Free Data Now!July 2nd, 2007 — ddelmoli
So this post is only tangentially related to the current online effort to get access to Oracle 10g’s AWR/ASH data. It’s actually more about data mashups.
When building an internal corporate application, most of the time you’re familiar with the internal sources of data and how to get at them — although, you can often have lots of “fun” doing the detective work to uncover hidden sources of internal data, fighting the data guardians and mastering the necessary API incantations to pry loose the secrets.
By basing your application on only internal data you may be missing out on interesting opportunities to leverage public and freely available data and feeds. Although, even there you need to be wary of usage restrictions and odd APIs. Usage restrictions can be odd — unlimited access for “non-profit use”, or “public use”, but heavy costs and fines for “private” use. An interesting example is Google Maps — here’s the quote from the Google Maps API page:
To use the Maps API on an intranet or in a non-publicly accessible application, please check out Google Maps for Enterprise.
Following the links shows you that to use Google Maps on an internal application will set you back $10,000 per year.
The question of usage rights for data has been a huge source of problems in professional sports leagues. In 1997, the NBA sued Motorola and STATS, Inc. regarding the real-time dissemination of scores and game information and lost.

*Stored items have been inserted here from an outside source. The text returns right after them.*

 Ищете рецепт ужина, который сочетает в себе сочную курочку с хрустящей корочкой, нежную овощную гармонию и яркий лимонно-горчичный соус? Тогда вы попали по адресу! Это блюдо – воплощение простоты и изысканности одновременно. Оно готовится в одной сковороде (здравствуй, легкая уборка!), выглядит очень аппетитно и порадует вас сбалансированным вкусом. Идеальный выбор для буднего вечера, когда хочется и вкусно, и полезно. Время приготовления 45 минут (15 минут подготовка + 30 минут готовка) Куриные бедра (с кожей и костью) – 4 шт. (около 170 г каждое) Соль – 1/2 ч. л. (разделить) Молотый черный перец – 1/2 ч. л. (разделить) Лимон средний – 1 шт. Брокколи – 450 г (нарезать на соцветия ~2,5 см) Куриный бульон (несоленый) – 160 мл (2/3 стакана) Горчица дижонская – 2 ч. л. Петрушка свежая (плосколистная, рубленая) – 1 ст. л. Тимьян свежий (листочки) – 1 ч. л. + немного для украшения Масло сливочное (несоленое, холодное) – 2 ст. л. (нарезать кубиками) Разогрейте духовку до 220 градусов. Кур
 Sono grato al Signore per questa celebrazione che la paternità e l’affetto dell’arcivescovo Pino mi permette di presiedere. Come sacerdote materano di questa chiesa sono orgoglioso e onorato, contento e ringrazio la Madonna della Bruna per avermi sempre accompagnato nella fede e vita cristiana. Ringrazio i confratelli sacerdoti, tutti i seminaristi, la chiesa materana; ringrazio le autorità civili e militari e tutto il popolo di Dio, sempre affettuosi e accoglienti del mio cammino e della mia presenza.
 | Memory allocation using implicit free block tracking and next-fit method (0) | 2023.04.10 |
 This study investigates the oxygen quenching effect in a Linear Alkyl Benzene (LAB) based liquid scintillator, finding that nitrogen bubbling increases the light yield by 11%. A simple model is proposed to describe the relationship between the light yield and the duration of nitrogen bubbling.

However, recently the NCAA clamped down on live-blogging at one of its events. Even today, you’ll have a hard time finding real-time RSS feeds for MLB sports scores. Although, those of you who love data analysis may enjoy poring over the MLB Enhanced GameCast data — latest example here and initial research here.

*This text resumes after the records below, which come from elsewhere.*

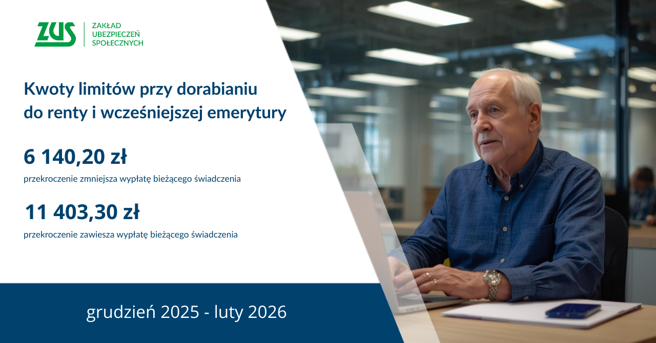Nowe limity będą obowiązywać od 1 XII 2025 r. do końca lutego 2026 r. Szczegółowe informacje ZUS udostępnia na stronie internetowej oraz w swoich placówkach.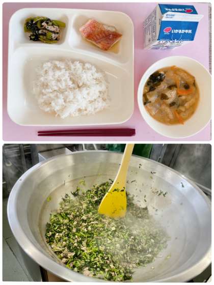 こまつなのいためものは、豚肉とこまつなを炒め、調味料で味付けしています。こまつなは、カロテンを多く含む野菜です。またカルシウム、鉄など不足しやすい栄養素も含んでいます。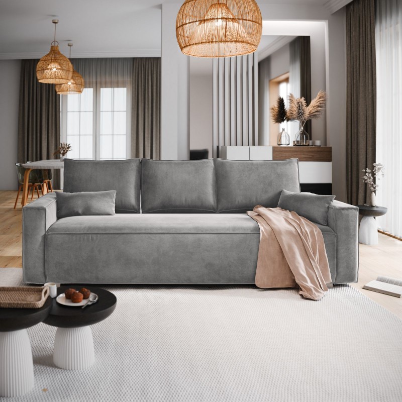 Masseno Sofa ALATRI z funkcją spania i pojemnikiem na pościel, Rozkładana sofa - Jasnoszary, MONOLITH 84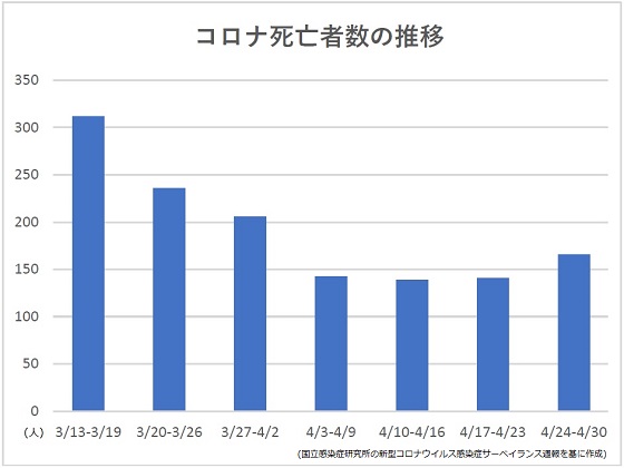 国立感染症研究所は8日、新型コロナウイルス感染症サーベイランス週報(第17週、4月24-30日)を公表した。第17週の死亡者数は前週比25人増の166人で、2週連続で増加した。新規の入院例も「微増傾向」と指摘している。【新井哉】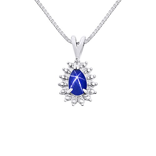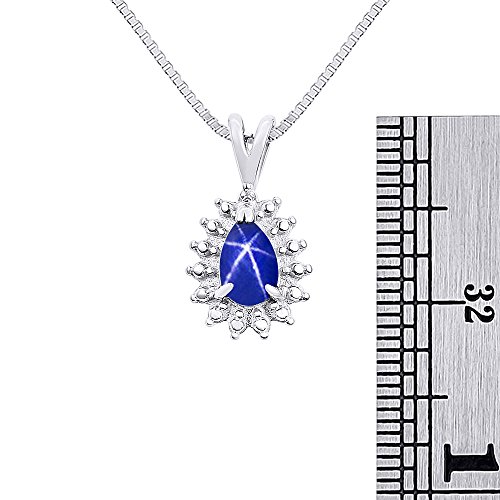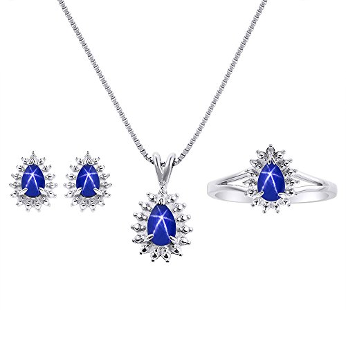 Brand, Seller, or Collection Name:Rylos Metal stamp:925-silver Metal:Sterling silver Gem Type:Star sapphire Minimum total gem weight:1.60 carats Setting:prong Chain:Box Chain Total metal weight:6.40 Grams Stone Weight:1.60 carats Model number:SL-SET#2LSW-FBA2 Stone shape:Pear Stone Creation Method:Simulated

So, clearly you’ll need to be selective when working with external data — there’s also the questions of data reliability and validity. However, the sheer plethora of public RSS feeds should be a new and interesting source of data considered when building data analysis applications.

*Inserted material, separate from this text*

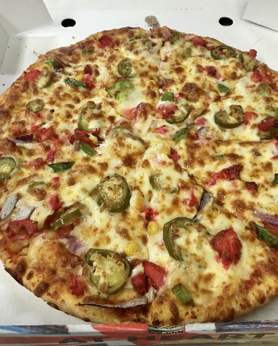 Green pepper, green chilli, mushroom, onion & sweetcorn with our secret pizza sauce & cheese.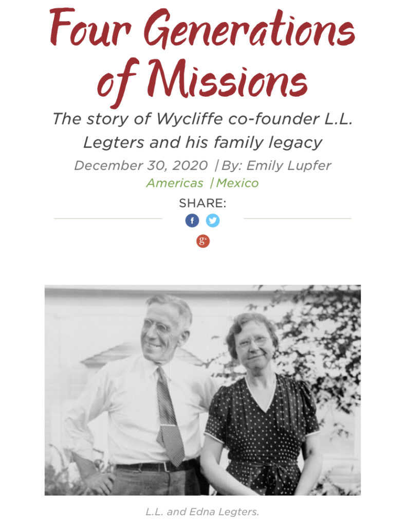 Later I read the following article from Wycliffe about L. L. Legters and his place in Bible translation, and the generations of his family that continue to serve God:

I was working on this post last week when the 10g AWR/ASH petition came online here. I’m of two minds about the issue. In the end, I think limiting access to this data isn’t going to achieve what I believe to be Oracle’s goal of encouraging sales of Enterprise Manager Diagnostic Pack. I’ve tried to evaluate the Diagnostic Pack — it’s not easy to install, and not easy to navigate. Go ahead, try and find the links on oracle.com to the download and/or documentation. (I tried this for the Change Management pack, and it was just about impossible to find). Compare that with how easy it is to find and download the database, client tools and/or SQL Developer. In the end, I think you’ll see people trying to re-create STATSPACK for 10g in a “public” fashion rather than running out and installing Enterprise Manager. So, you’ll have a lot of time and effort spent in lobbying Oracle for access to this data, and/or effort spent on re-creating the data capture and storage in a public way — instead of inventing useful analysis tools based on the data that’s already there.